The results from session 1 are extreme; they nevertheless illustrate the factors underlying each vote. One could argue that the vote was stacked against the punishment mechanism in session 1 by it being second, when the standard decay in contributions had set in. But a counterargument is that it is precisely in such a setting where the punishment mechanism might be of value, since nobody needs a punishment mechanism if everyone is contributing heavily. And, of course, we test for such order effects from the sequencing of the two institutions. One also could argue that the vote was stacked against the punishment mechanism by the return to the public good being low, but again a counterargument would be that that is precisely when one needs some external device to get people to contribute, since the intrinsic returns are not high.

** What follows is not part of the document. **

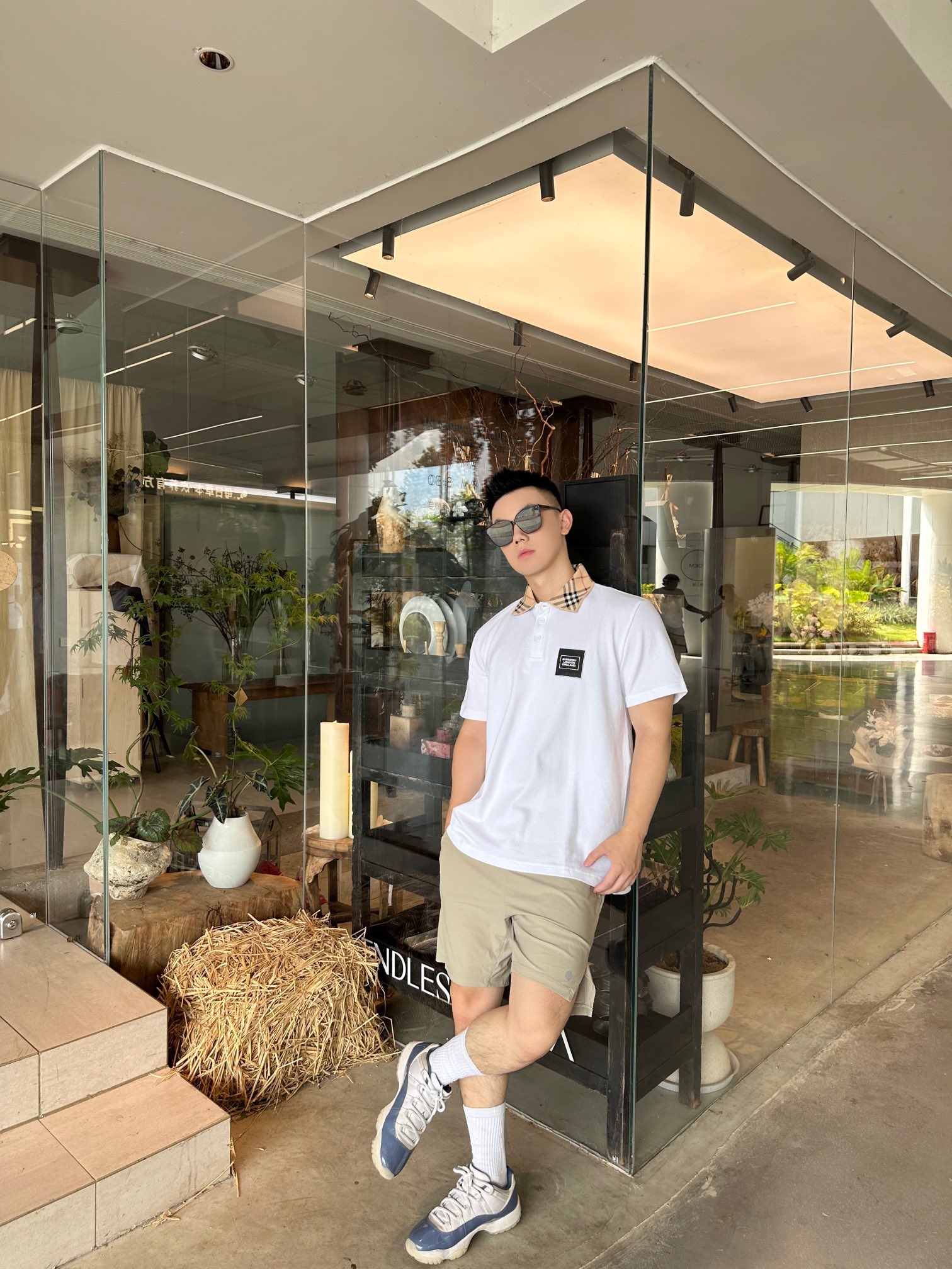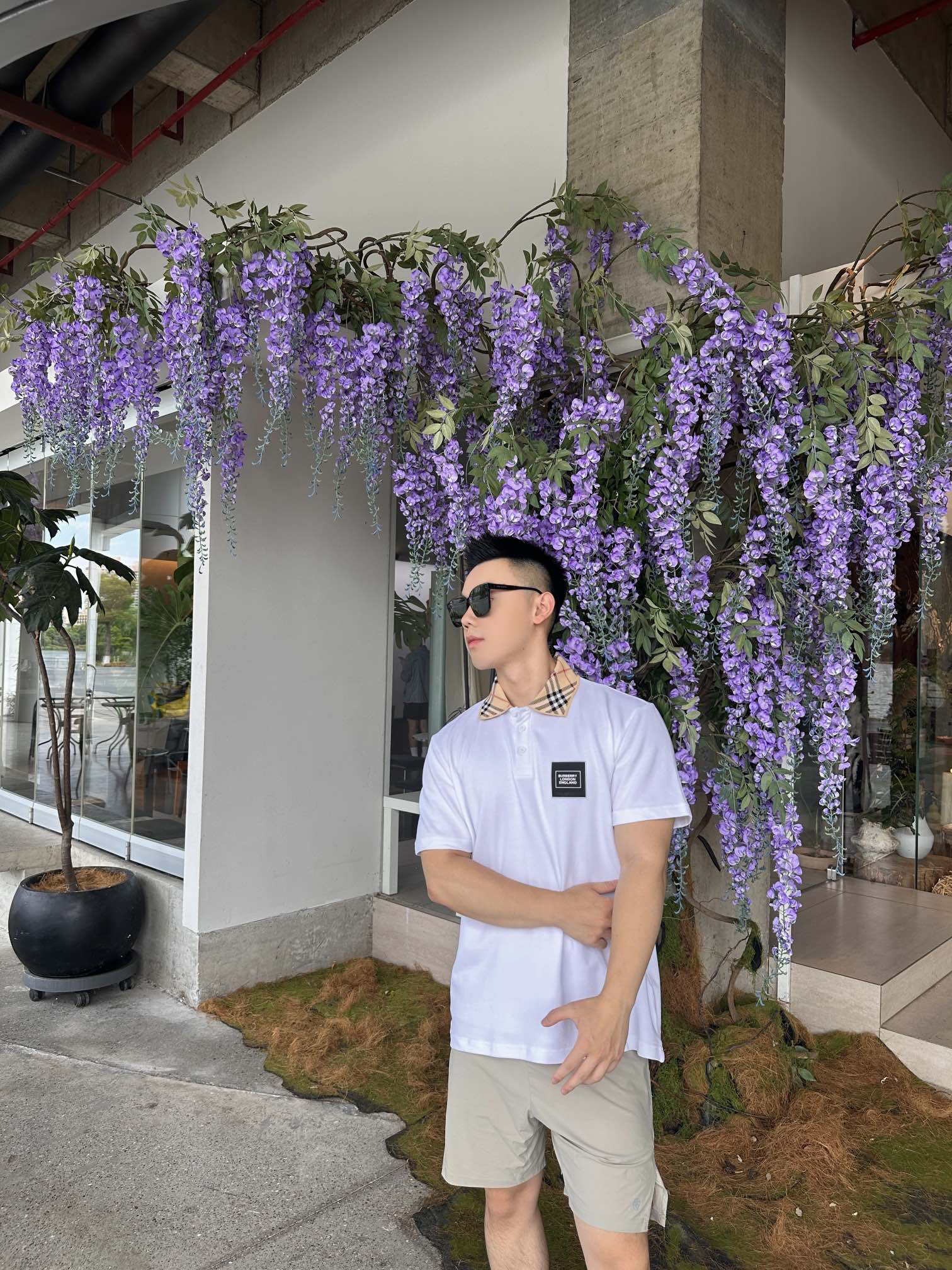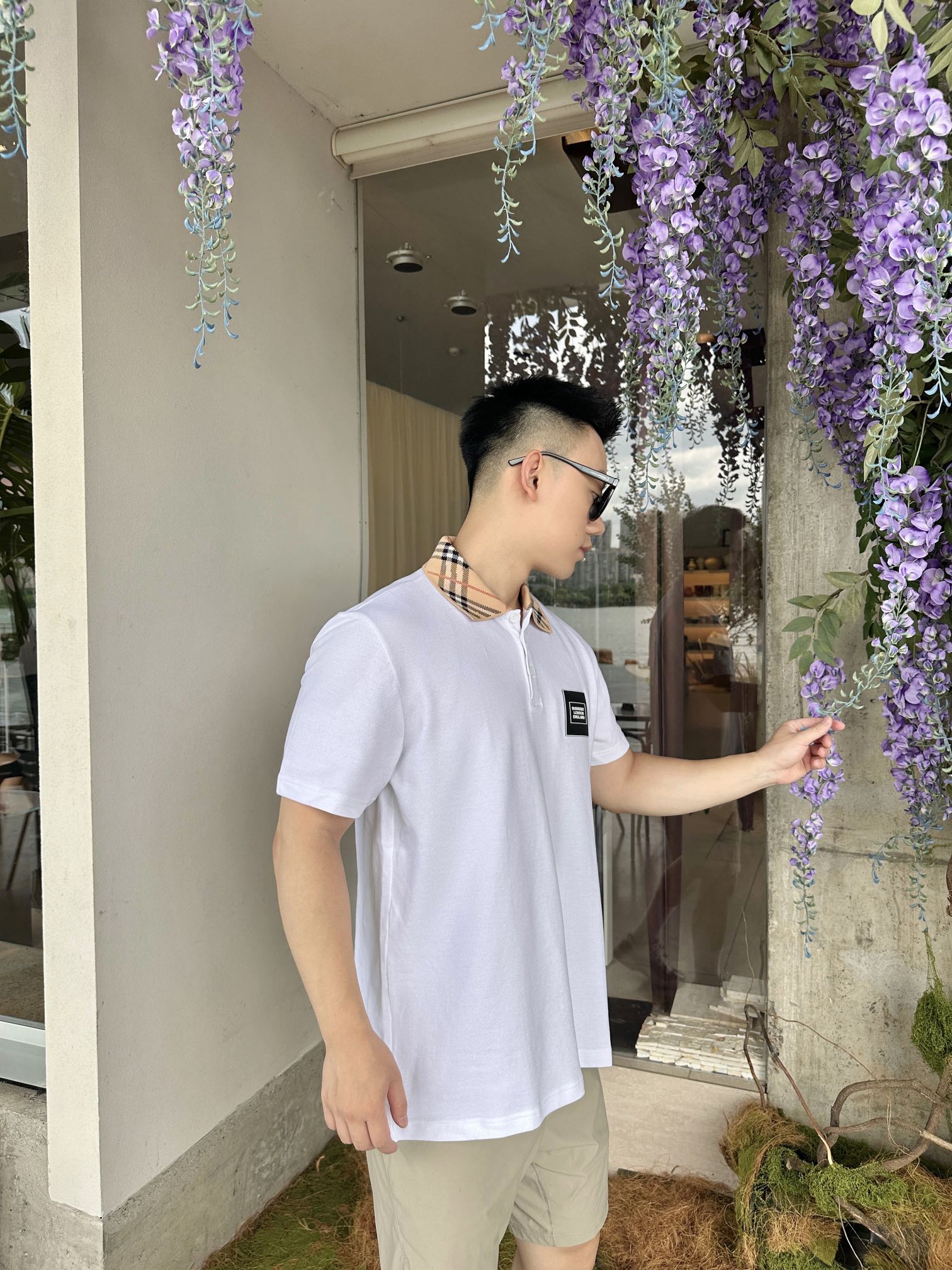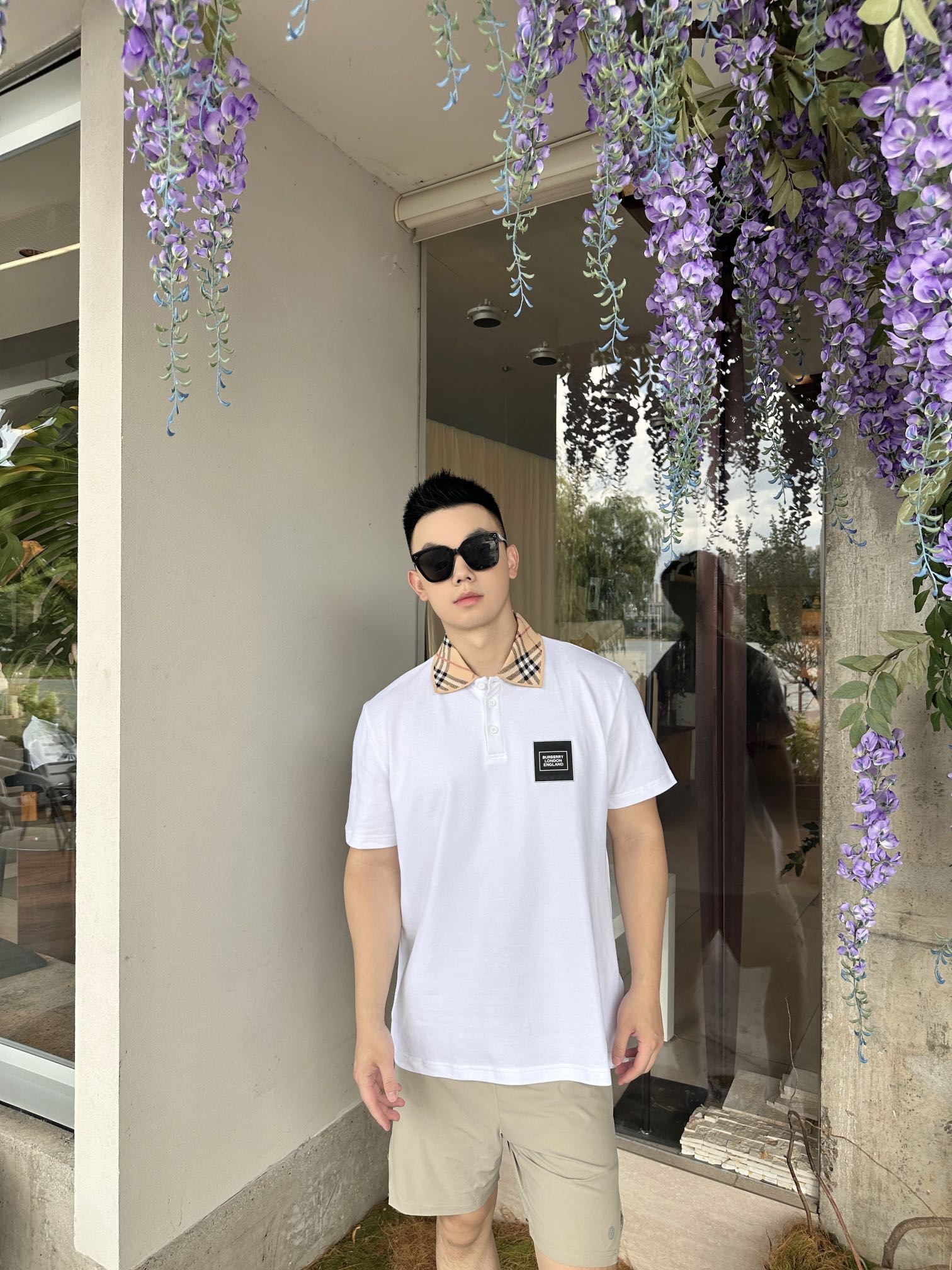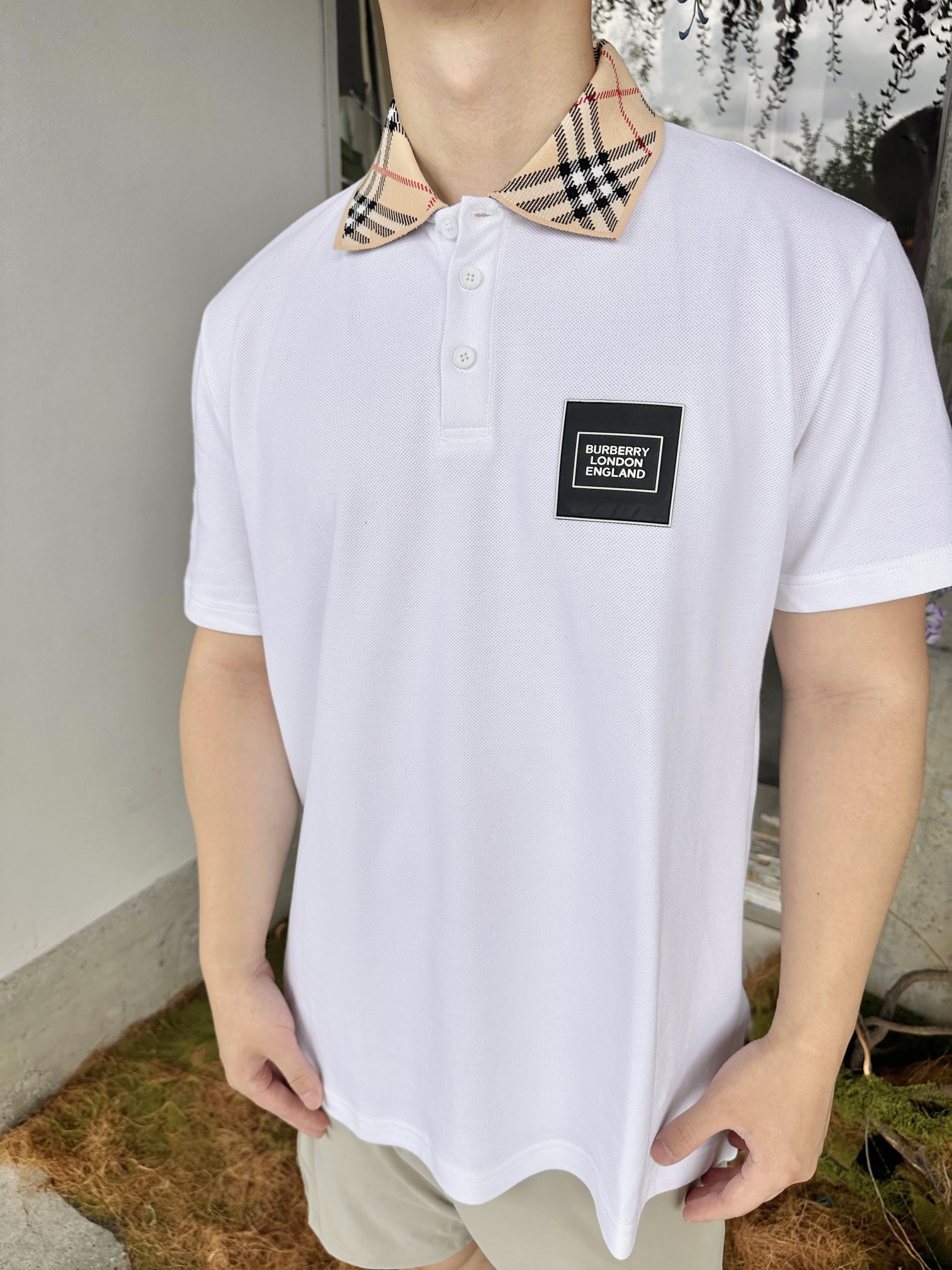 Gather on the Burberry leather logo short-sleeved POLO shirts

We also considered higher returns to the public good in sessions 3 through 13.

For completeness, we also show in Fig. 3 the average contributions after the vote, in period 21. The profits for that period were ten times the profits for each of the prior rounds, to increase the salience of the vote, but we display scaled-down levels of profits for comparability. An appendix of Botelho et al. (2019) reports similarly detailed outcomes for each of the other sessions.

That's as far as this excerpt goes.